She alone thought out and executed a colossal plan, the creation of a whole
army of cultured people whose duty it is to fight against Materialism and
Atheism as much as against superstition and an ignorant interpretation of the
teaching of Christ (that is to say, against the one hundred and thirty-seven
sects, Shakers, Quakers, howling Salvationists revelling in darkness) which is
the shame of the Christian world . . . . . . Ladies and gentlemen of cultured England,
behold the woman who has shown the world what can be accomplished by the power
of will, steadfastly pursuing a certain aim, and by a strongly realized ideal.

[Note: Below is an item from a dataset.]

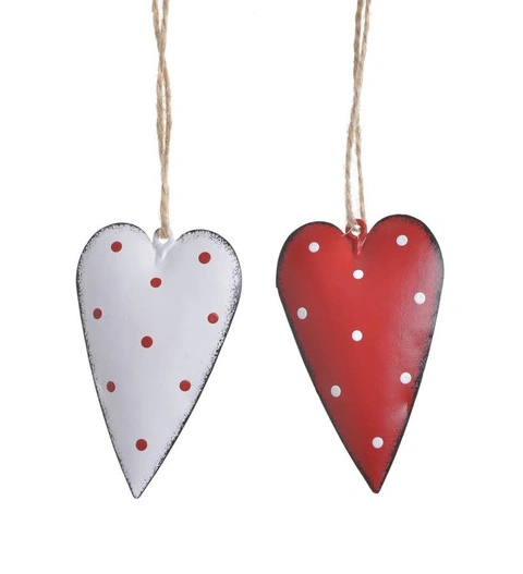 - Metalowe serce białe/czerwone w kropki- zawieszka dekoracyjna 2 szt 7 cm
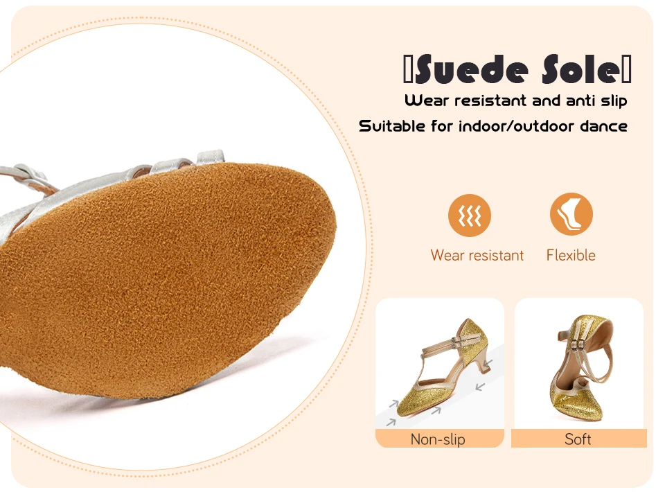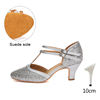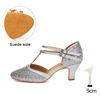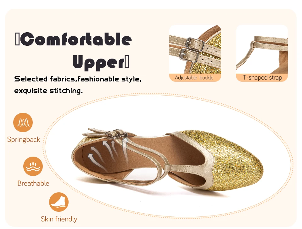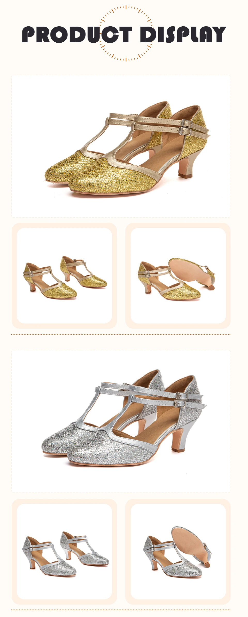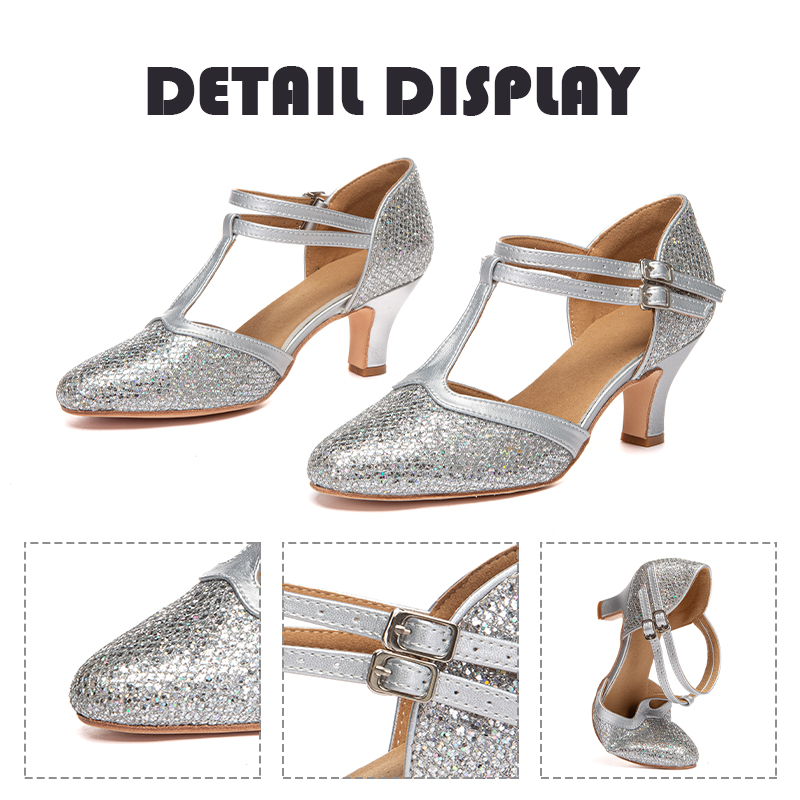 HROYL Ladies Sequined Latin Dance Shoes Soft Sole Square Dance Shoes Mid-heeled Four Seasons Modern Closed Toe Dance Shoes Woman

All alone, ill, without means, without patronage, without help of any kind,
with the sole exception of Col. Olcott, her first convert and apostle, Madame
Blavatsky has planned to unite into one intellectual whole a universal
brotherhood of all nations and of all races. She has accomplished this
undertaking; she has overcome animosity, calumny, the opposition of fanatics,
and the indifference of ignorant people. . . . . . Even our liberal
Anglo-Indian government mistakenly arose against her humanitarian mission. But
happily it realized its mistake and stopped in time.’ And so on and on in the
same strain. The applause was deafening. I tried to blush for modesty's sake,
but got pale instead for want of air. I nearly fainted, for I am still very
weak; though my legs from that moment in the railway station have stopped
aching altogether.
“What am I to do with all these letters,
evidently intended to arouse my pity, from all these admirers who are so very
much in love with me? Half of them I can answer only in thought. But amongst
them are many whom I really love and pity, as for instance our poor Solovioff.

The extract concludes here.